Decision making task is difficult with imbalanced data
distribution. To solve this problem, we usually use few resampling methods
which will construct the balanced training datasets. This will improve the
performance of predictive model.

  Main purpose of this
paper is to identify the potential customer with help of big data technology.
This paper does not only provide good strategy for identifying the potential
client but also act as good reference for classification problems.

We propose supervised learning algorithm call ensemble
decision tree to analysis the potential customer and their major
characteristics.

This paper is organized as follows. Section II introduces the
current research status of machine learning; Section III puts forward the
classification model and intelligent recommendation algorithm based on XGBoost
algorithm for insurance business data, and analyzes its efficiency; Section IV gives
you experiment and result. Section V puts forward the analysis result. Section
VI Conclusion and future work.

                                                                                                                                            
II.           
RELATED WORK

The classification problem for US bank insurance business data
has imbalanced data distribution. This means ratio between positive and
negative proportion are extremely unbalanced, the prediction models generated
directly by supervised learning algorithms like SVM, Logistic Regression are
biased for large proportion. Example, the ratio between positive and negative
classes is 100:1. Therefore, this can be seen as such model does not help in
prediction.

 Imbalanced class
distribution will affect the performance of classification problem. Thus, some
techniques should be applied to deal this problem. One approach to handle the
problem of unbalanced class distribution is sampling techniques. This will
rebalance the dataset. Sampling techniques are broadly classified into two
types. They are under sampling and over sampling. Under sampling technique is
applied to major class for reduction process (e.g. Random Under Sampling) and
over sampling is another technique applied to add missing scores to set of
samples of minor class (e.g. Random Over Sampling).The drawback of ROS is
redundancy in dataset this will again lead to classification problem that is
classifier may not recognize the minor class significantly. To overcome this
problem, SMOTE (Synthetic Minority Over Sampling) is used. This will create
additional sample which are close and similar to near neighbors along with
samples of the minor class to rebalance the dataset with help of K-Nearest
Neighbors (KNN) 2.Sampling method is divided into non-heuristic method and
heuristic method. Non-heuristic will randomly remove the samples from majority
class in order to reduce the degree of imbalance. Heuristic sampling is another
method which will distinguish samples based on nearest neighbor algorithm
7.Another difficulty in classification problem is data quality, which is
existence of missing data. Frequent occurrence of missing data will give biased
result. Mostly, dataset attributes are dependent to each other. Thus,
identifying the correlation between those attributes can be used to discover
the missing data values. One approach to replace the missing values with some probable
values is called imputation 6.

One of the challenges in big data is data quality. We need to
ensure the quality of data otherwise it will mislead to wrong predictions
sometimes. One significant problem of data quality is missing data.

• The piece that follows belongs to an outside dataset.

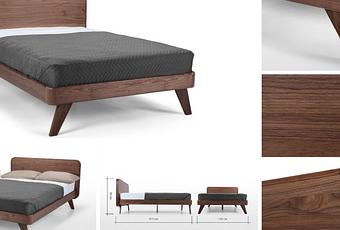 Une structure avec des piétements haut en Hêtre combinée à une couette aux courbes moelleuses façon capiton. Un mélange de formes sobres pour les montants assemblés à la grande légende du matelassage revisitée.

Imputation is method for handling the missing data. This will
reconstruct the missing data with estimated ones. Imputation method has
advantage of handling missing data without help of learning algorithms and this
will also allow the researcher to select the suitable imputation method for
particular circumstance 3.

 

There are many imputation methods for missing value treatment
(Some widely used data imputation methods are Case substitution, Mean and Mode
imputation, Predictive model). In this paper we have built the predictive model
for missing value treatment.

There are various machine learning algorithms to solve both
classification and regression problems. Machine learning is process of
designing the system which has ability to automatically learn and practice
without being explicitly programmed. Machine learning algorithms are classified
into three types (Supervised learning, Unsupervised learning, Reinforcement Learning).In this paper, we
propose supervised machine learning algorithms to built the model. Some of the
supervised learning algorithms are listed below: Regression, Decision Tree, Random Forest, KNN,
Logistic Regression etc 8. Decision tree in machine learning can be used for
both classification and regression. In decision analysis, a decision tree
can be used to visually and explicitly represent decisions and decision making. The tree has two important entities
that are decision nodes and leaves. The leaves are the decisions or the final
outcomes. And the decision nodes are where the data is split. Classification
tree is type of decision tree where the outcome was a variable like ‘fit’ or ‘unfit’.
Here the decision variable is Categorical.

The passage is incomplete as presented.